Les figurines ou poteries de la culture Bura, qui s'est développée dans le
bassin du Niger entre le IIe et le XIe siècle, sont sur la «liste rouge»
dressée par le Conseil international des musées des objets interdits
d'exportation ou les plus menacés. Marie-Hélène Moncel souligne que le
«préjudice reste énorme», dans la mesure où ces «objets n'ont plus de sens
archéologique», les fouilles illégales ayant totalement détruit les éléments
qui auraient pu restituer leur contexte historique.

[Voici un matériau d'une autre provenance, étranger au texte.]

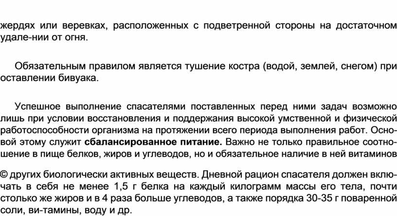 © других биологически активных веществ. Дневной рацион спасателя должен вклю-чать в себя не менее 1,5 г белка на каждый килограмм массы его тела, почти столько же жиров и в 4 раза больше углеводов, а также порядка 30-35 г поваренной соли, ви-тамины, воду и др.

Au musée des Beaux-Arts de Bordeaux, c'est le président du Syndicat national
des antiquaires, Christian Deydier, qui remet à la ville un saint
Jean-Baptiste du XVe siècle, qui avait disparu d'une église il y a
vingt-deux ans. Ce relief, dont une partie de la polychromie est toujours
présente, sera exposé jusqu'au 24 mars, avant de rejoindre la basilique
Saint-Michel, où il avait été volé.
Il fait partie d'un autel classé monument historique de sept panneaux en
albâtre sculptés dans les ateliers de Nottingham, qui avait été dérobé dans
une chapelle et remplacé par une copie en plâtre coloré, si bien que le vol
est resté inaperçu dix ans durant. Il a été découvert par hasard quand deux
des figures ont été proposées aux musées par la veuve d'un antiquaire
parisien, qui les avait acquises sans se douter de leur origine. Conduite
par le commandant Darties, l'enquête de l'OCBC avait permis de remonter la
filière. Quatre éléments ont disparu aux Etats-Unis. Le saint Jean-Baptiste
avait été revendu à un collectionneur monégasque, lui aussi de bonne foi,
Stephen Zuellig. Contacté par le président du Syndicat des antiquaires, il a
proposé de restituer cette très jolie sculpture.
La France est la première victime du pillage artistique dans le monde, avec
l'Italie, qui vient elle aussi d'obtenir plusieurs restitutions de statues
antiques de valeur des plus grands musées américains.